Dataset content:
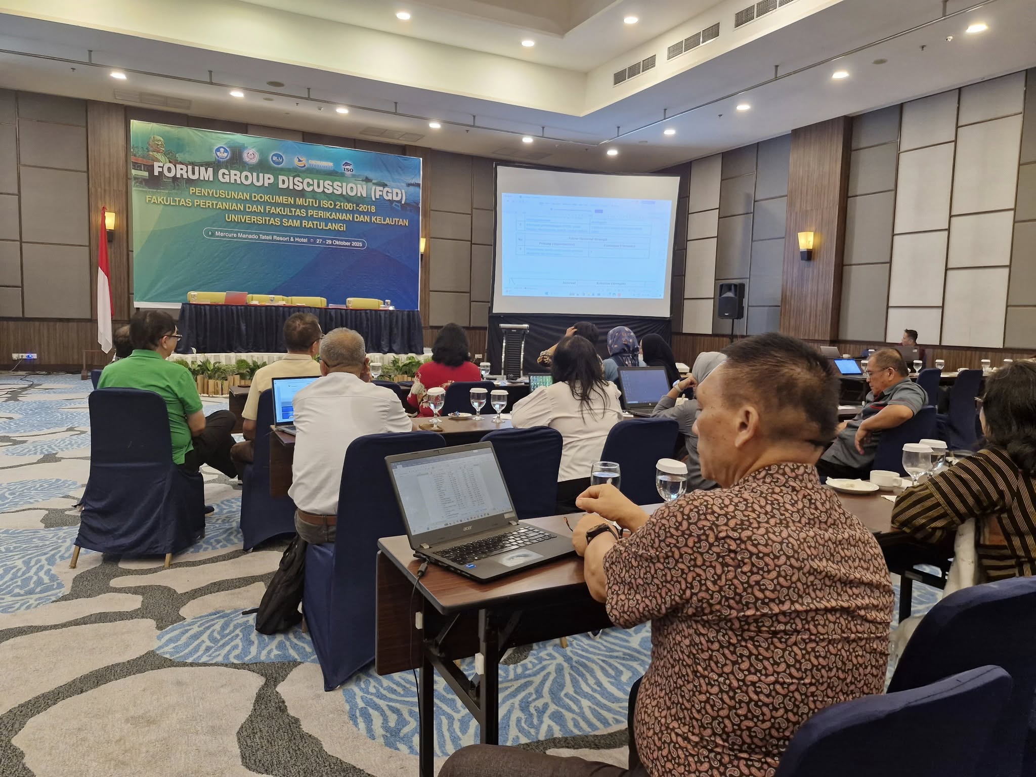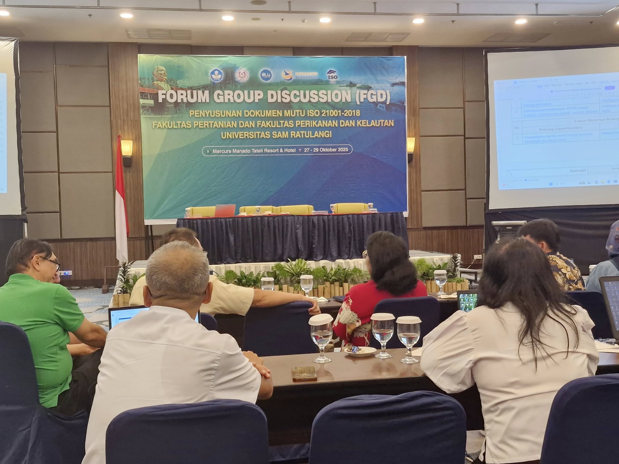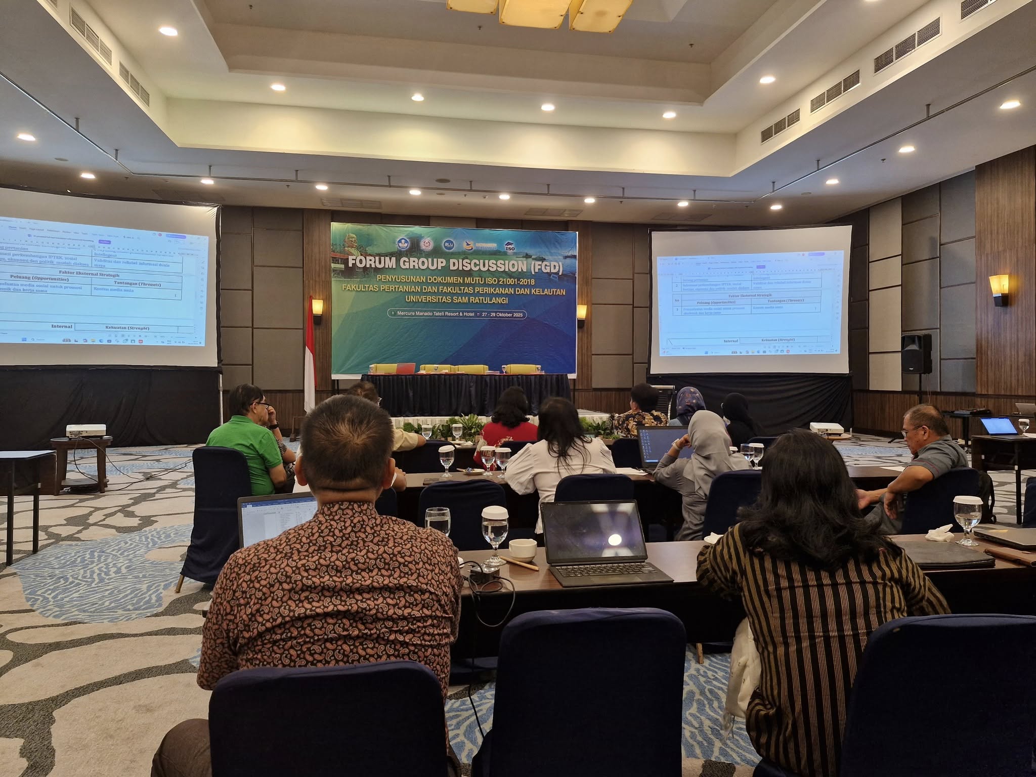 Hari ke-2 FGD Penyusunan Dokumen Mutu ISO 21001-2018 Fakultas Pertanian dan Fakultas Perikanan & Kelautan Unsrat 27-29 Oktober 2025 di Manado Tateli Resort and Convention.
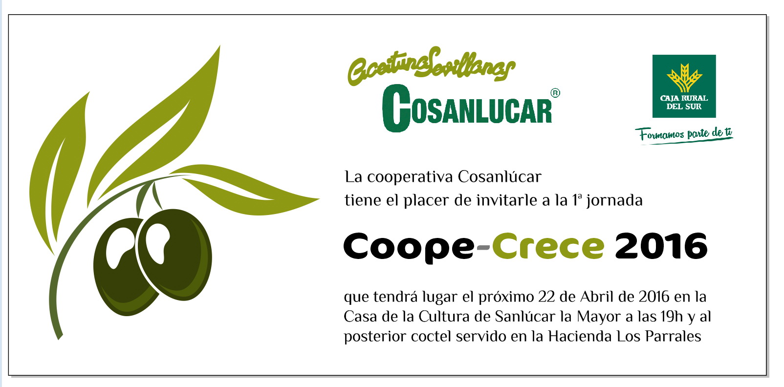 La cooperativa Cosanlúcar celebrará el próximo viernes, 22 de abril, la I Jornada Coope-Crece 2016, que tendrá lugar en la Casa de la Cultura de Sanlúcar la Mayor a las 19 horas.
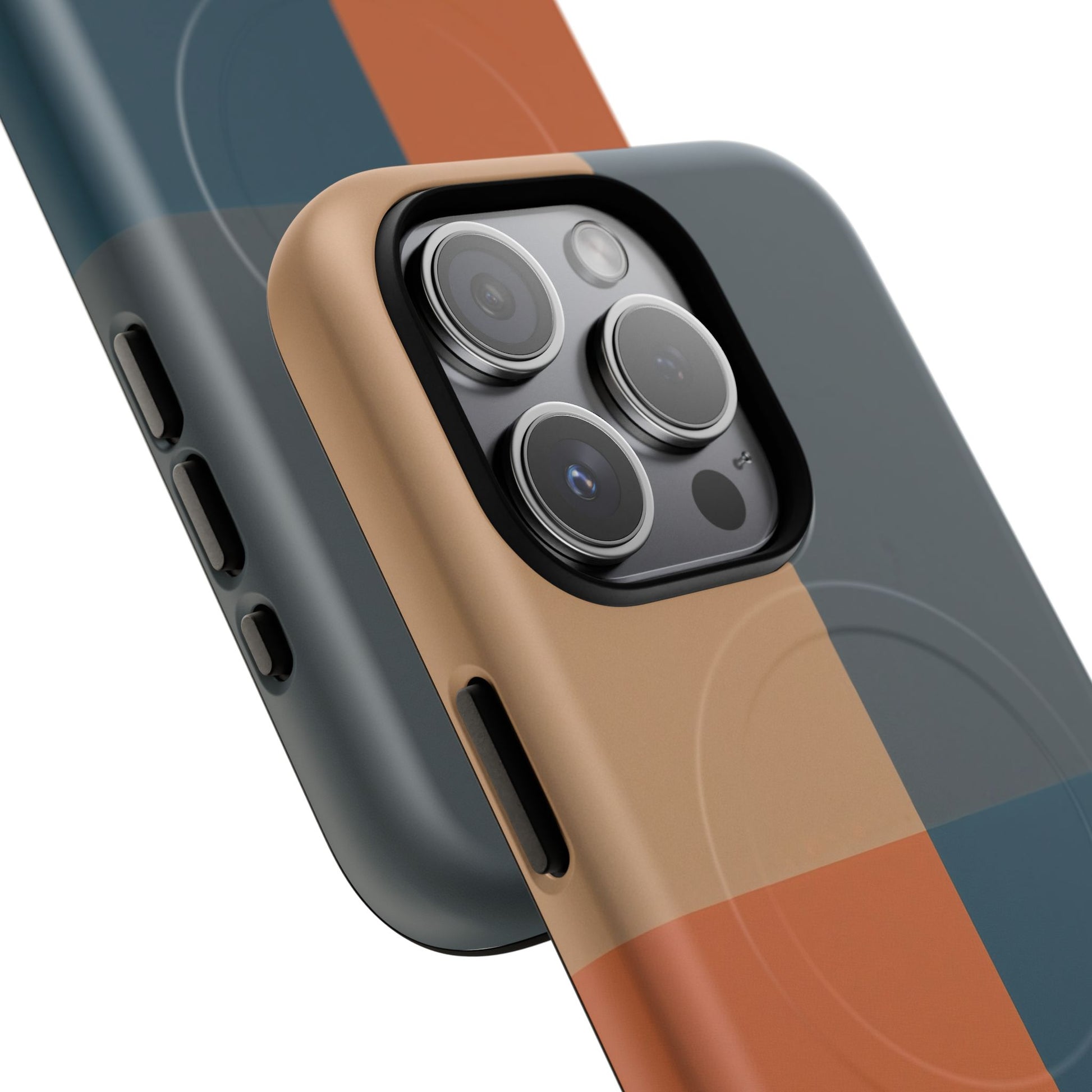 A sleek iPhone MagSafe-compatible tough case featuring the Harbour Grid colourway - a bold geometric mix of tan, charcoal grey, burnt orange, and deep navy. Designed for everyday durability, this dual-layer layout blends modern minimalist styling with reliable, full-coverage protection.
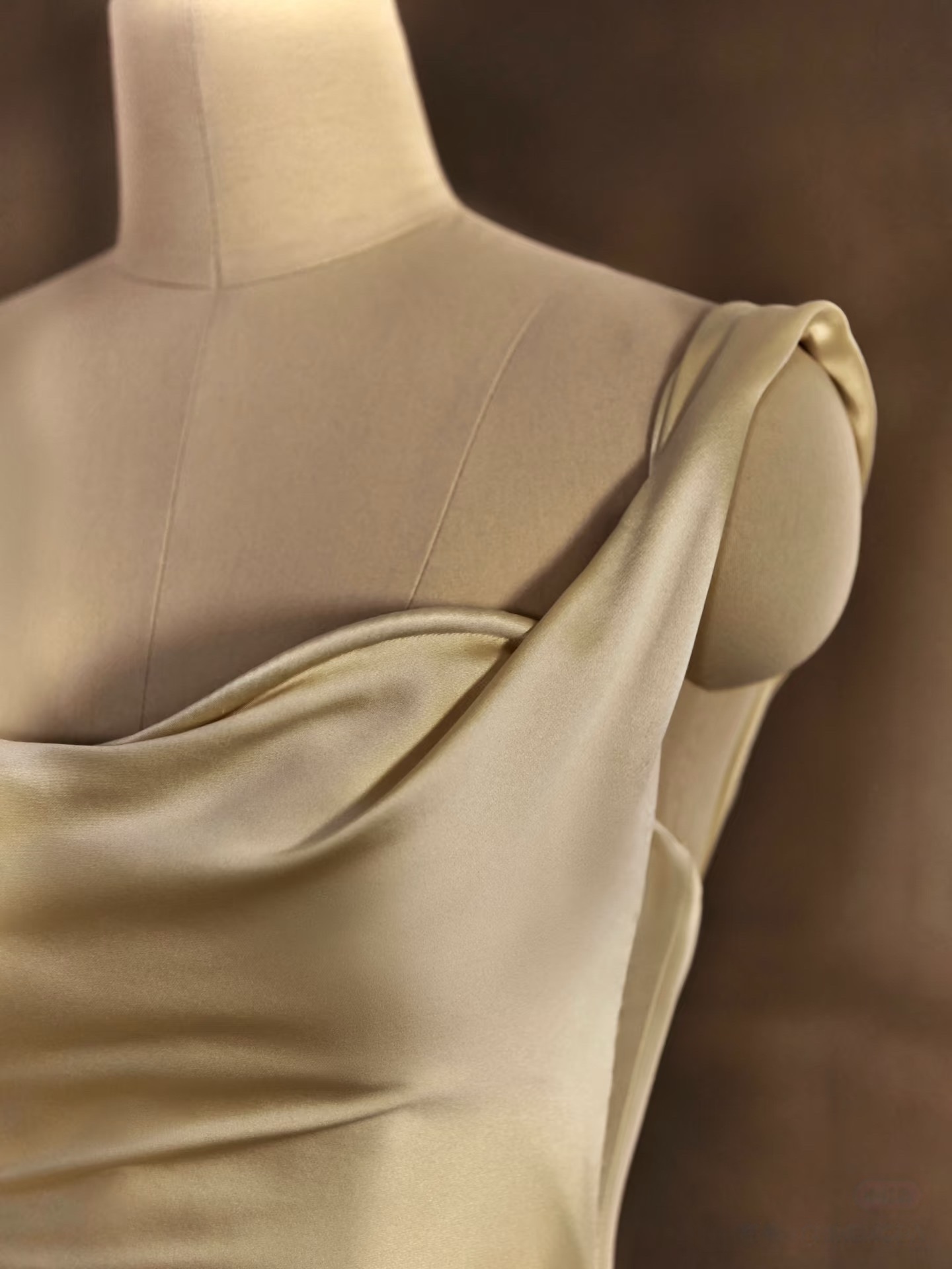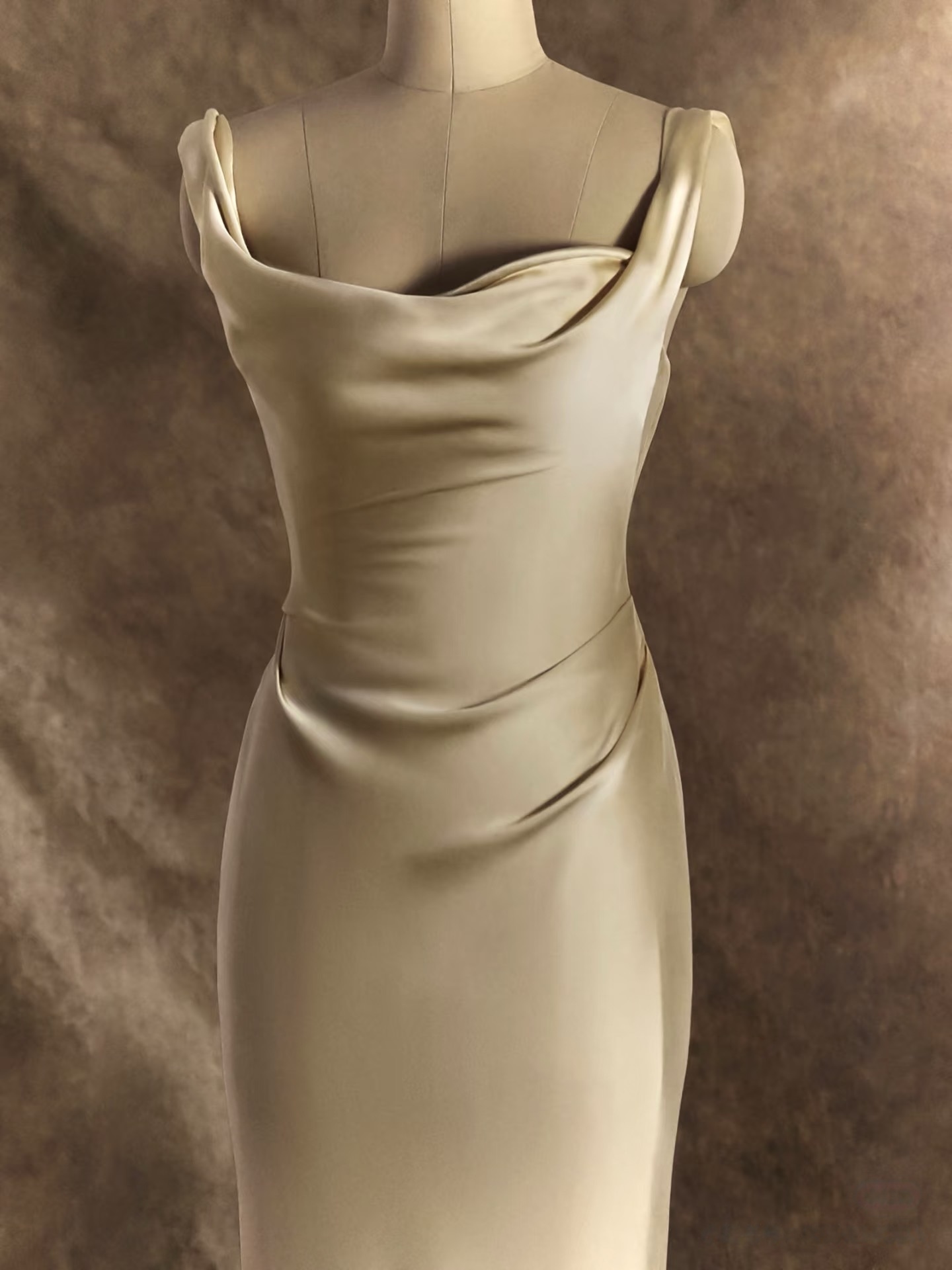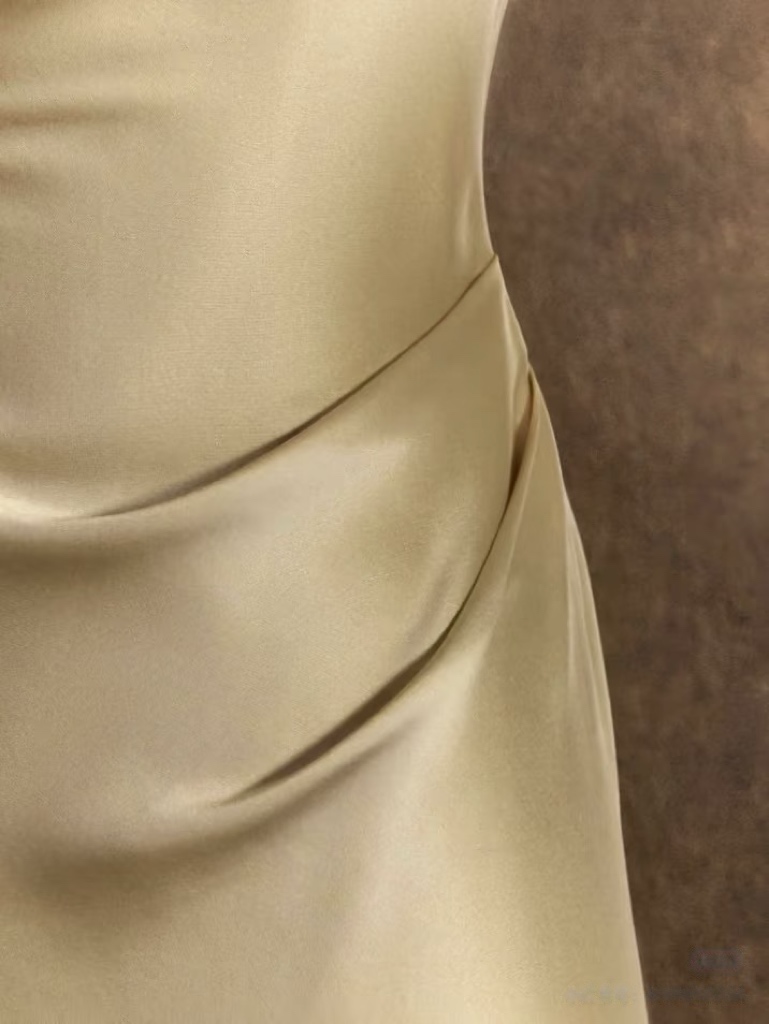 Champage Satin Sleveless Mermiad Floor Length Zipper Back Wedding Dress

Directions for this task:
Retype the line containing "A sleek iPhone" and all lines after it through the end of the material, exactly and only those, leaving out pictures.

Result of the task:
 A sleek iPhone MagSafe-compatible tough case featuring the Harbour Grid colourway - a bold geometric mix of tan, charcoal grey, burnt orange, and deep navy. Designed for everyday durability, this dual-layer layout blends modern minimalist styling with reliable, full-coverage protection.
 Champage Satin Sleveless Mermiad Floor Length Zipper Back Wedding Dress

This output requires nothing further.